ASSIGNMENT:
The output should match, line for line, the records from the line containing "Pretty Florals Button" through the line containing "疫情發(fā)生后,深圳商報", with every picture left out.

RECORDS FOR THIS TASK:
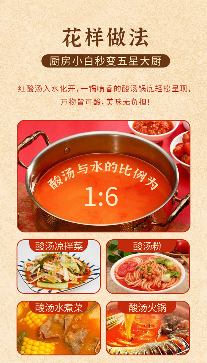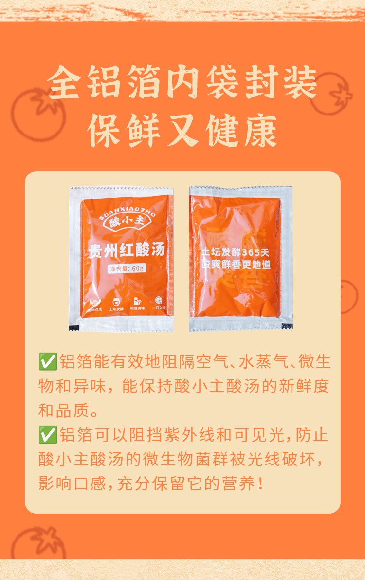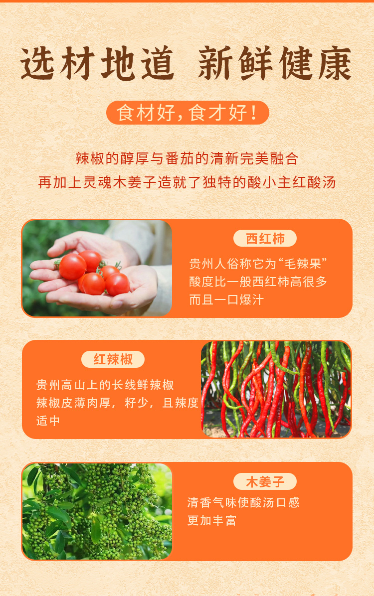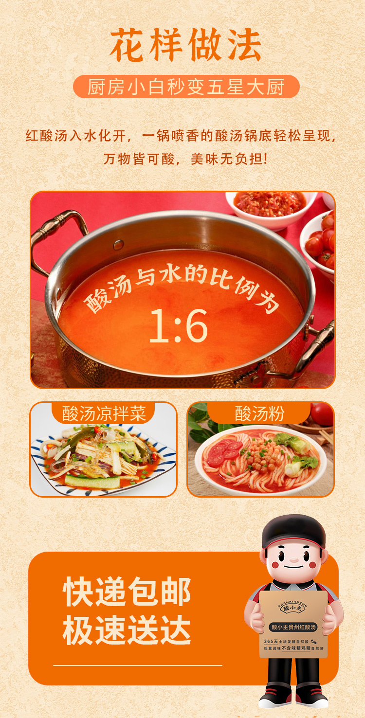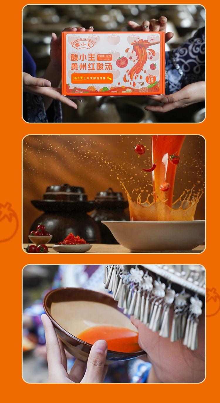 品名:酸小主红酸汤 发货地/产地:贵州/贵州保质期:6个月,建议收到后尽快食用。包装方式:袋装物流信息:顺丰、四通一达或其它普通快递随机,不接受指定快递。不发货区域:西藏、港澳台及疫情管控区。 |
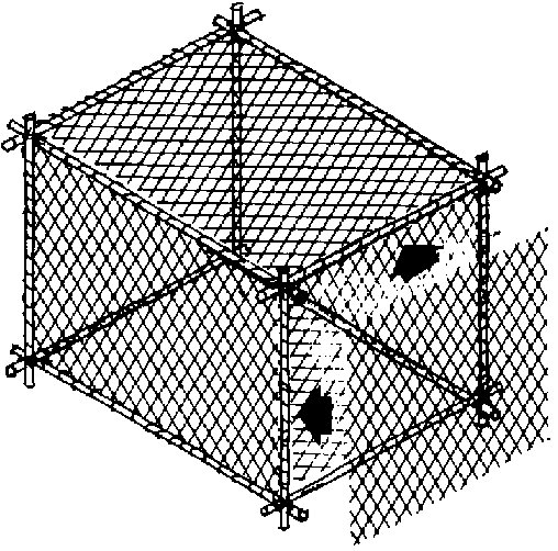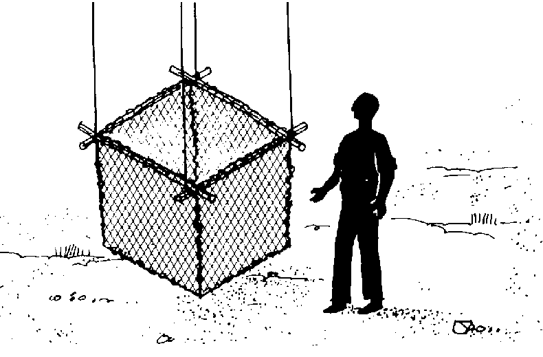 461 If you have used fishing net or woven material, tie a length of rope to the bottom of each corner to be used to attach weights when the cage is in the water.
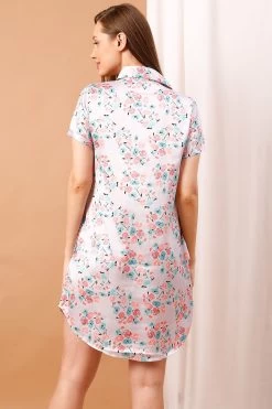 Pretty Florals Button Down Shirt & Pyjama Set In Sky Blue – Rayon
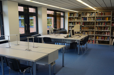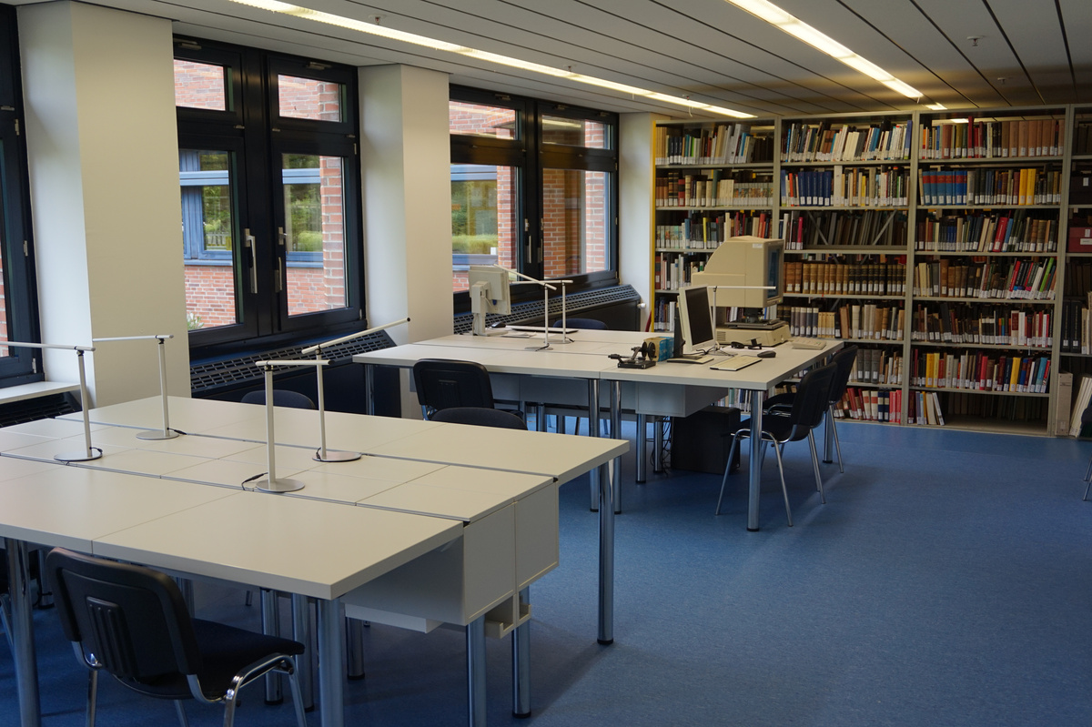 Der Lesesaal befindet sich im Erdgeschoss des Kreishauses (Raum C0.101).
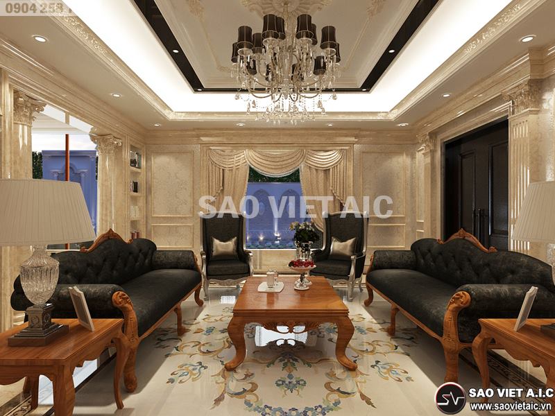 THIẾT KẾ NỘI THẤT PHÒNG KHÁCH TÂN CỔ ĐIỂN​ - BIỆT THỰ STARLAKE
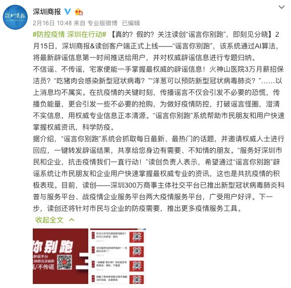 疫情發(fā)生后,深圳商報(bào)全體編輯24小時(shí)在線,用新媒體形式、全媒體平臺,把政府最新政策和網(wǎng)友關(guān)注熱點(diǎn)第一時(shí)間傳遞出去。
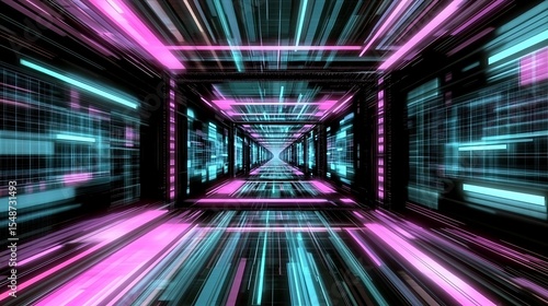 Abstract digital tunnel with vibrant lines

...

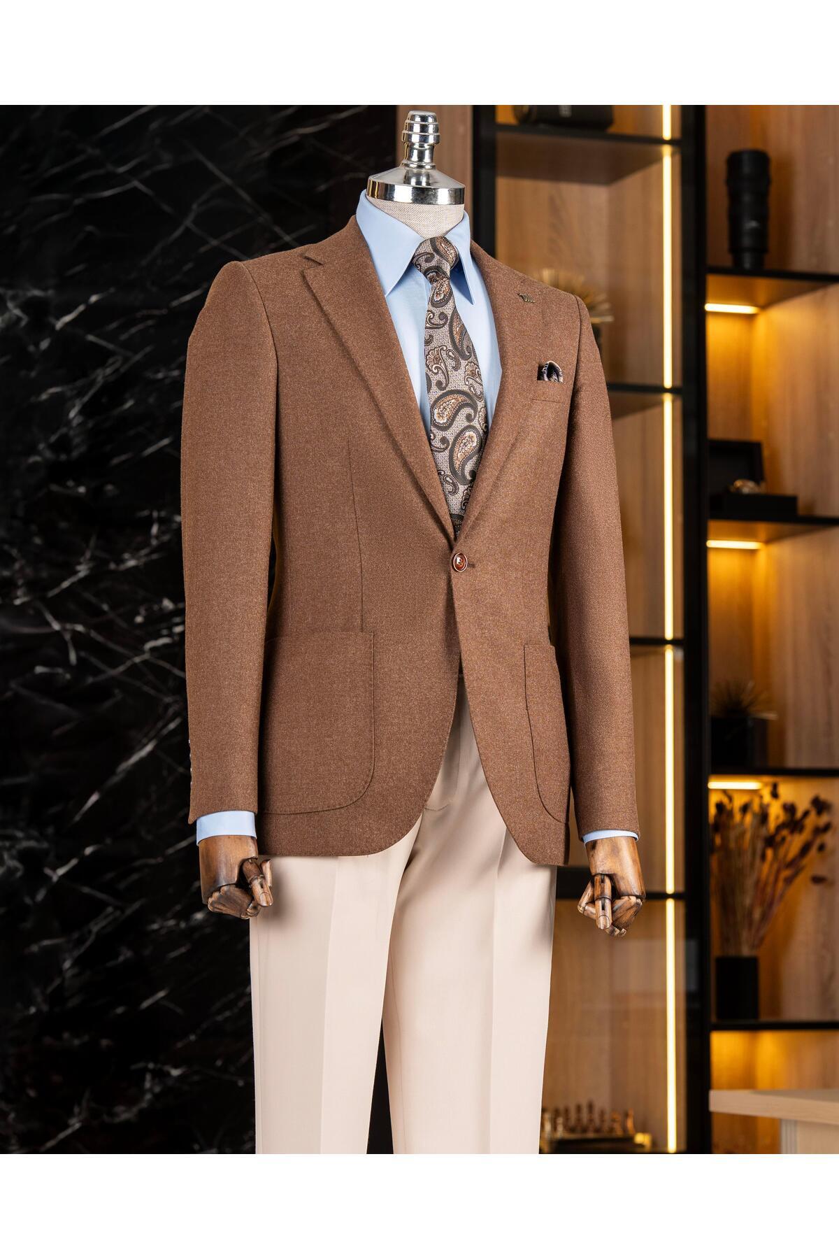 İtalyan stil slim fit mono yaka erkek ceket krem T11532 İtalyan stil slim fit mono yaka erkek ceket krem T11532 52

EXERCISE OUTPUT:
 Pretty Florals Button Down Shirt & Pyjama Set In Sky Blue – Rayon
 Der Lesesaal befindet sich im Erdgeschoss des Kreishauses (Raum C0.101).
 THIẾT KẾ NỘI THẤT PHÒNG KHÁCH TÂN CỔ ĐIỂN​ - BIỆT THỰ STARLAKE
 疫情發(fā)生后,深圳商報(bào)全體編輯24小時(shí)在線,用新媒體形式、全媒體平臺,把政府最新政策和網(wǎng)友關(guān)注熱點(diǎn)第一時(shí)間傳遞出去。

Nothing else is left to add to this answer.